You shrugged, confused, disturbed. "Be with other women? I couldn't ever imagine that. Your mom's the only one I love and want to be with."
"But she doesn't value you like you do her. She doesn't see you as a handsome, sexual being. She doesn't value who you are and she takes you for granted."
You chewed on what I said for a very long time as your eyes blinked back the tears and you seemed to sit up a little. I could see the wheels turning in your head and at last, you said, "But...if I do...who would...who would go along with the charade?"
I smiled, feeling better that I had convinced you of how to approach this dilemma. And then I named off a few women in the neighborhood, all of which I knew would take my father in if given the chance. And through them all, you found fault. You found a way to negate my suggestions. I offered several women at work who I also knew admired my father. And still you shook your head and refused. "They would not be able to keep a secret and that would be dangerous for me at work," you reasoned.
All too true, I realized. There was no way to keep his reputation intact if he attempted an affair at work.

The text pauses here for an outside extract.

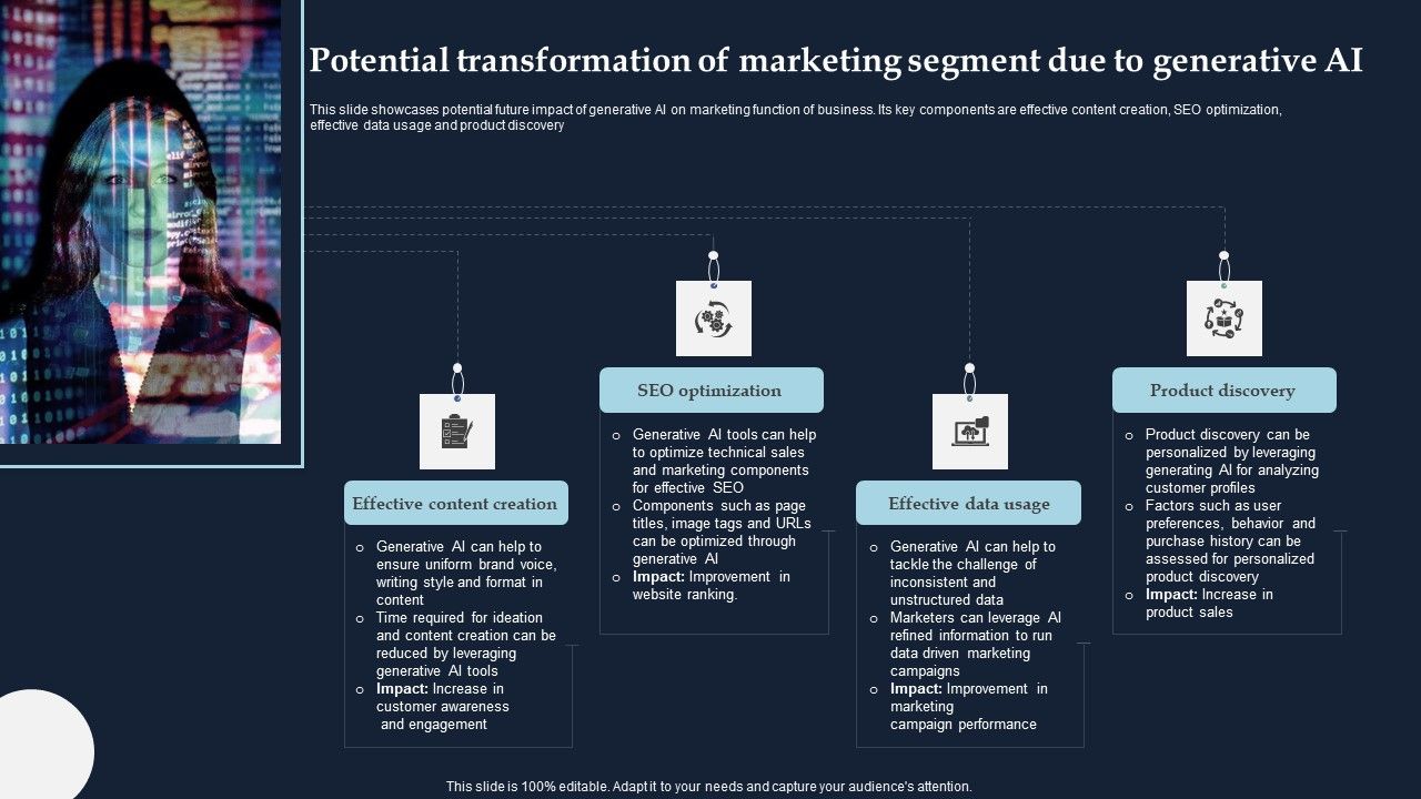 This slide showcases potential future impact of generative AI on marketing function of business. Its key components are effective content creation, SEO optimization, effective data usage and product discovery. Slidegeeks is one of the best resources for PowerPoint templates. You can download easily and regulate Potential Transformation Of Marketing Segment Due To Generative AI Graphics PDF for your personal presentations from our wonderful collection. A few clicks is all it takes to discover and get the most relevant and appropriate templates. Use our Templates to add a unique zing and appeal to your presentation and meetings. All the slides are easy to edit and you can use them even for advertisement purposes.
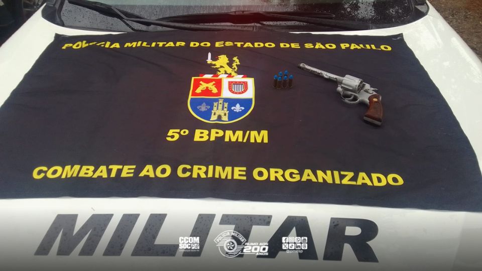 Ontem, 27, policiais militares do 5º Batalhão de Polícia Militar Metropolitano apreenderam um revólver calibre .38 durante uma abordagem na Avenida Educador Paulo Freire, zona norte de São Paulo.

I sighed again, not knowing where to go from here. "It's pointless," you said hopelessly. "Mom wins and I...well...I lose her to other men. No one you mentioned would work out because someone would find out and more people would get hurt. I couldn't trust them to keep things quiet and...well...no trust, no love. Mom is the only one I can trust—at least, I thought...." You buried your face in your hands and my heart reached out to you.
My hands reached out to you, to hold you, to stop your shaking and heaving. We held each other close as you wept quietly on my shoulder. I stroked your hair and wiped your eyes as you slowly finished crying. And, tear-stained face and lips parted, I looked deeply into your eyes as you did mine. "Maybe..." I whispered. "Maybe you shouldn't...go elsewhere for love. Maybe..."
Your eyes searched mine as your brain raced through the possibilities of what I was saying, what I was suggesting. Actually have an affair, not with a stranger or a friend or a coworker. An affair with someone closer. Closer to home. Someone in your own backyard. Someone...in your own...daughter's bedroom!
You licked your lips and I could hear your ragged breath, your eyes confused, yet, slowly coming to realization. "But..."
I nodded slowly, resigned to what I was about to say, what I had to say. "Dad, I love you and I love mom and I don't want to lose both of you. I don't want you to split up. If this is the only way to get her jealous and to get her to value you as she should, then I am happy to help you both. I want to see you both survive and get through this."
"But..."
"Dad, it's okay. You're not forcing me. I'm not under aged. I'm doing this willingly."
You shook your head, wordless, as you held my hand and helped me out of my bed. We stood, staring into each other's eyes, searching, looking for the sanity out of this situation. I watched as you swallowed once, taking in my body from head to toe, noticing my sheer pink nightgown as you beheld me as a man beholds a goddess. So reverent, so admiring. I blushed at your attention and soon we were floating towards each other in a loving embrace. I don't know, to this day, whether it was the alcohol. I don't know if it was preconceived, but I do know that your desire for me was shockingly evident as your hardness poked into my belly as you held me close.